▶ [TO DO]:
Using the entries below, output each line exactly from the first through the one that contains "排完《游园惊梦》,《宇宙锋》".

[Stored records]
>>>>>

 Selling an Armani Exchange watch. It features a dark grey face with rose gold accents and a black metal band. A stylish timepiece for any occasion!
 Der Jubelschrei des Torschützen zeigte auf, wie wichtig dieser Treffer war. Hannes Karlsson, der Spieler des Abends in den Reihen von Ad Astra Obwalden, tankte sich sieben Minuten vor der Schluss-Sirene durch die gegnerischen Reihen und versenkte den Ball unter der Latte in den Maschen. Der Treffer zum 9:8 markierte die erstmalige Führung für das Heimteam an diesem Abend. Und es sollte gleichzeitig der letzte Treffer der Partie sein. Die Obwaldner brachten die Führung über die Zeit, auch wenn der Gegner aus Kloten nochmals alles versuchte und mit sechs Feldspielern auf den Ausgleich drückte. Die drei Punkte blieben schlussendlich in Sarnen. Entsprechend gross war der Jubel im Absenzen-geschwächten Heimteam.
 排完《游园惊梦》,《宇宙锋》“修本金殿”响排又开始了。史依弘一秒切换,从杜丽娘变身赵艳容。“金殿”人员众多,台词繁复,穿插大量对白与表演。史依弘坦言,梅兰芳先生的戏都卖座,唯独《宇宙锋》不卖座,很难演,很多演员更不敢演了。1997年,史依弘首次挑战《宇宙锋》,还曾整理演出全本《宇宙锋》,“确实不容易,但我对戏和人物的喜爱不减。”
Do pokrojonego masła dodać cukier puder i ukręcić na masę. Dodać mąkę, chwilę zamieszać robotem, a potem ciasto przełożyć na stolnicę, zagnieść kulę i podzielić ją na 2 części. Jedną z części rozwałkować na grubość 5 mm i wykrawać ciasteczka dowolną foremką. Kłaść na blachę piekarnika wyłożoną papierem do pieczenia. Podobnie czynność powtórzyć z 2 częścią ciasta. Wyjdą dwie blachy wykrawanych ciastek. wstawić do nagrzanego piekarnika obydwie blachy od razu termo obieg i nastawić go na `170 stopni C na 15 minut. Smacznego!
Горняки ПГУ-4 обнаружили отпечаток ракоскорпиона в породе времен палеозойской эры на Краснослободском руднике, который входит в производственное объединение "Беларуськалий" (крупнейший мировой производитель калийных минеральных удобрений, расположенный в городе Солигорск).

<<<<<

▶ [TASK SOLUTION]:
 Selling an Armani Exchange watch. It features a dark grey face with rose gold accents and a black metal band. A stylish timepiece for any occasion!
 Der Jubelschrei des Torschützen zeigte auf, wie wichtig dieser Treffer war. Hannes Karlsson, der Spieler des Abends in den Reihen von Ad Astra Obwalden, tankte sich sieben Minuten vor der Schluss-Sirene durch die gegnerischen Reihen und versenkte den Ball unter der Latte in den Maschen. Der Treffer zum 9:8 markierte die erstmalige Führung für das Heimteam an diesem Abend. Und es sollte gleichzeitig der letzte Treffer der Partie sein. Die Obwaldner brachten die Führung über die Zeit, auch wenn der Gegner aus Kloten nochmals alles versuchte und mit sechs Feldspielern auf den Ausgleich drückte. Die drei Punkte blieben schlussendlich in Sarnen. Entsprechend gross war der Jubel im Absenzen-geschwächten Heimteam.
 排完《游园惊梦》,《宇宙锋》“修本金殿”响排又开始了。史依弘一秒切换,从杜丽娘变身赵艳容。“金殿”人员众多,台词繁复,穿插大量对白与表演。史依弘坦言,梅兰芳先生的戏都卖座,唯独《宇宙锋》不卖座,很难演,很多演员更不敢演了。1997年,史依弘首次挑战《宇宙锋》,还曾整理演出全本《宇宙锋》,“确实不容易,但我对戏和人物的喜爱不减。”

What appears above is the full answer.